2014 is likely to be another milestone for the superannuation industry, with forecasters expecting self managed super funds to account for one third of all Australian superannuation assets. Self managed superannuation is not suitable for everyone, so why does it remain a major market growth sector? Below are some advantages that have led to the continued uptake by newcomers of self managed super funds.
Keeping it in the family: With self managed superannuation, the entire family can pool their assets in one purpose built fund. Advantages include estate planning tailored in a unified yet flexible family-centric approach. Accumulated family assets greatly increase the potential for multi-generational wealth creation.
Control of investments: Flexibility is a key component of modern investing. Self managed superannuation funds offer control, adaptation and immediacy, beginning with a trust deed exactingly drafted to desired specifications. The result is a flexible approach toward planning of investments. Administration is easily overseen by companies such as Clime, allowing self managed investors time to focus on core strategies.
Savings: Self managed superannuation requires set-up costs plus annual fixed costs. A small fund would not be cost effective due to ongoing costs unless significant contributions to the fund are forthcoming. An asset base of more than $200,000 will begin to improve cost effectiveness in comparison to outsourced superannuation management, although professional guidance is recommended. An increase in fund balance will free up a greater proportion of accumulated wealth that can be directed toward shares, property, term deposits and a number of other investment options.
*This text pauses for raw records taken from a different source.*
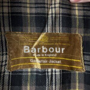 VTG Barbour Gamefair Waxed Jacket Men Full Zip Brown Tartan Lined England Made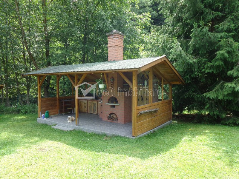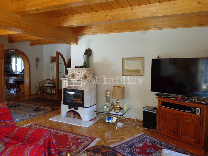 Characteristics Property type House Rooms number 6 Kitchens number 3 Bathrooms number 4 Balconier number 2 Terraces No. 2 Terraces area 66.50 mp Garrages number 2 Parking yes Cellar yes Garden yes Ussefull area 336 sqm Build area 420 sqm Land area 3500 m2 Front 60 m Struct. strength Wood Build year 2000 Finishings: Parquet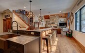 Retreat to this spacious 7-bedroom, 5-bathroom chalet and feel at home in the laid-back charm of the picturesque surroundings. This relaxing retreat, with its alluring indoors and luxury hot tub, allows you to immerse yourself in the beauty of New England. The cabin features rustic furnishings, wooden finishes, and tasteful decor. The modern open-concept living space includes two living rooms, a fully equipped chef's kitchen, and a large dining area. Enjoy the sunroom, deck, and yard to take in the beauty and serenity of the scenic natural surroundings while soaking in the luxurious hot tub or sitting around the magical fire pit. The first living room offers a snug leather sofa with a plush blanket, a smart TV, a grand stone fireplace with firewood provided, a comfy sofa, rocking chairs, and a large coffee table. The second cozy family space includes two cozy sofas with pillows, a smart TV and HQ soundbar, shuffleboard tables, and a wooden coffee table. The fully equipped kitchen boasts top-tier appliances, custom wood cabinetry, countertops with a central kitchen island, a microwave, stove, oven, toaster, coffee maker, hot water kettle, refrigerator/freezer, dishwasher, sink with hot and cold water, plates, glasses, silverware, and pots and pans. The dining area includes a dining table with seating for 10 and a huge kitchen island with seating for 10. The sunroom offers an oversized sectional, a smart TV, and a coffee table. Free parking is available at the property. The heated garage can accommodate 2 full-size SUVs, and the driveway can accommodate up to 5 full-size SUVs. Street parking is not allowed due to neighborhood restrictions. This luxurious ski property sits in the heart of the White Mountains in South Peak near Lincoln, NH, just at the base of Loon Mountain and a few steps away from the ski resort. Just minutes away, the charming town of Woodstock awaits. The location offers convenient access to Waterville Valley and Cannon Mountain. Nearby attractions include Loon Mountain Resort (4 min away), Seven Birches Winery (5 min away), Franconia Falls (6 min away), Alpine Adventures (6 min away), Granite State Scenic Railway (7 min away), Clark's Trading Post (8 min away), Whale's Tale Waterpark (10 min away), Flume Gorge (12 min away), Santa's Village (50 min away) and Story Land (54 min away). Smoking inside the home is prohibited, and any evidence of smoking will result in a $2,000 fee for odor removal and furniture cleaning. Parties and events are not allowed. A trusted partner will provide you with a digital guidebook that will be filled with not only information about the property but also local recommendations and promotions!. Registration Number: STR25-00185 [SI]

Choices: In comparison to ordinary superannuation funds, self managed funds offer greater opportunity for a diverse investment portfolio. From property, equities, overseas assets and even artwork, self managed super funds enable investment preferences suited to individual choices. The framework of a fund’s documented investment strategy can facilitate almost unlimited asset choices.
Taxation benefits: Many people are drawn to self managed super funds due to taxation laws that reduce the fund’s tax liability. The accumulation phase incurs a maximum 10% tax, with no tax on capital gains during the pension phase. Estate planning can be tax-effective when self managed, and include payments to beneficiaries.
Long-term planning: Often, superannuation funds don’t allow income payments from the fund. Self managed funds are an exception, with the added attraction of operating right through accumulation and into retirement. This consistency and transparency is an appealing long-term planning strategy for many people.
Relaxed reporting requirements: The introduction of self managed superannuation funds was structured with regular Australians in mind. Less stringent obligations, annual deadlines and member reporting are tailored to suit self managed funds, regardless of whether the reporting is managed by an individual or by a superannuation specialist such as Clime. The concessions applied by the Australian Tax Office greatly facilitate self managed funds.
Be the architect of your own destiny: Most people like to have some control over their savings, and superannuation is no exception. Rapid advances in technology plus the ability to remain updated has facilitated a new breed of savvy investors keen to make the most out of their financial portfolio. Individual and collective options for self managed super funds are almost limitless.